Moon Speech Raises Old Ghosts as the Times Turns 20

Washington Post/May 23, 2002
By Frank Ahrens

At Tuesday night's celebration of the Washington Times' 20th anniversary, its founder, the Rev. Sun Myung Moon, gripped a podium at the Washington Hilton and delivered an impassioned, hour-long evangelical sermon in Korean saying he established the newspaper "in response to heaven's direction."

During the sermon, he set the course for the Times' next 10 years: "The Washington Times is responsible to let the American people know about God." Later, he added: "The Washington Times will become the instrument in spreading the truth about God to the world."

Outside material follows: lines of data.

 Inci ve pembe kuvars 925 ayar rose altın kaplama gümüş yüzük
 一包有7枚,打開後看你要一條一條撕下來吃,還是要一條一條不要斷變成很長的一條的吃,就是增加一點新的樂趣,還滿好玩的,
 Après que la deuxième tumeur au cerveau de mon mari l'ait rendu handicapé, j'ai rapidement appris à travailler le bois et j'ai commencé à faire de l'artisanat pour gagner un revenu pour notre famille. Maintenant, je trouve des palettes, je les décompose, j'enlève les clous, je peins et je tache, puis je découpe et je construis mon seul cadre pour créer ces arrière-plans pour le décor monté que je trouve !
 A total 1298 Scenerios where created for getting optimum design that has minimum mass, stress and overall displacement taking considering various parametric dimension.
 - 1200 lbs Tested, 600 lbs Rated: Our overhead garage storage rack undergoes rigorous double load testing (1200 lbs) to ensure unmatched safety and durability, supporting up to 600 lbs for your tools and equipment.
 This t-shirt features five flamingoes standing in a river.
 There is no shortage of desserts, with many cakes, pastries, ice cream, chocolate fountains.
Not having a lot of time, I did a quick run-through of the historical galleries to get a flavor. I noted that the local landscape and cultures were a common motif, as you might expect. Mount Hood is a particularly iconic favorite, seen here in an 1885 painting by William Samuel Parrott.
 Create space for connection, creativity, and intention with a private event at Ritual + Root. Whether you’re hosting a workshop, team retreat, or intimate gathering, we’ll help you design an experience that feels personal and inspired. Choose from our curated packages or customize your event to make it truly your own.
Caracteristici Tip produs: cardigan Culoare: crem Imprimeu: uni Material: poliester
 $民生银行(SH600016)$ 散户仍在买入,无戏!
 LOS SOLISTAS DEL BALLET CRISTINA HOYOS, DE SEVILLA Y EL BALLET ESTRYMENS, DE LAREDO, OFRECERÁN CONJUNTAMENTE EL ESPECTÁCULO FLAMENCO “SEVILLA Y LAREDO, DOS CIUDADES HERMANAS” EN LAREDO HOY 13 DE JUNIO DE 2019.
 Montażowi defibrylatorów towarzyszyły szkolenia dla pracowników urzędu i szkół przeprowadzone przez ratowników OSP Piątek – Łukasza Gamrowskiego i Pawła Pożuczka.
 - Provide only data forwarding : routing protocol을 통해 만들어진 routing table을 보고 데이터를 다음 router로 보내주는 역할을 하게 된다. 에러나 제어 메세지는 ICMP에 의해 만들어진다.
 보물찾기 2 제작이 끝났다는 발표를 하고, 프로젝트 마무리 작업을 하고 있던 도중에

By this point, several Times staffers had exited for the Hilton's bar, either because the party was alcohol-free or -- possibly -- because they needed a stiff drink.

Moon's sermon tossed gasoline on the long-smoldering embers that some Times staffers have spent two decades trying to extinguish: the accusation that their paper is a mouthpiece for Moon's religious movement, the Unification Church. Or, at best, a public relations outlet for conservative values and the Republican Party.

The charges were not helped by allegations of former reporters, who say stories were changed to favor conservatives; by editors who quit, claiming church tampering; or by obscurity surrounding the paper's finances. It has been years since many of those incidents, though, and five years since Moon's last mass wedding in Washington, which inevitably pulled the Times into scrutiny. For the past few years, the Times has enjoyed a relatively Moon-free zone.

Now, that has changed.

Yesterday, Times employees parsed Moon's words. According to one staffer, many were "embarrassed," some "humiliated." Others described the speech as "painful to watch." Though staffers trust their top editors to maintain editorial independence, they were worried that the paper's critics would use the religious leader's words as weapons. Moon's charge to the paper to spread his gospel did not appear in yesterday's Times account of the party.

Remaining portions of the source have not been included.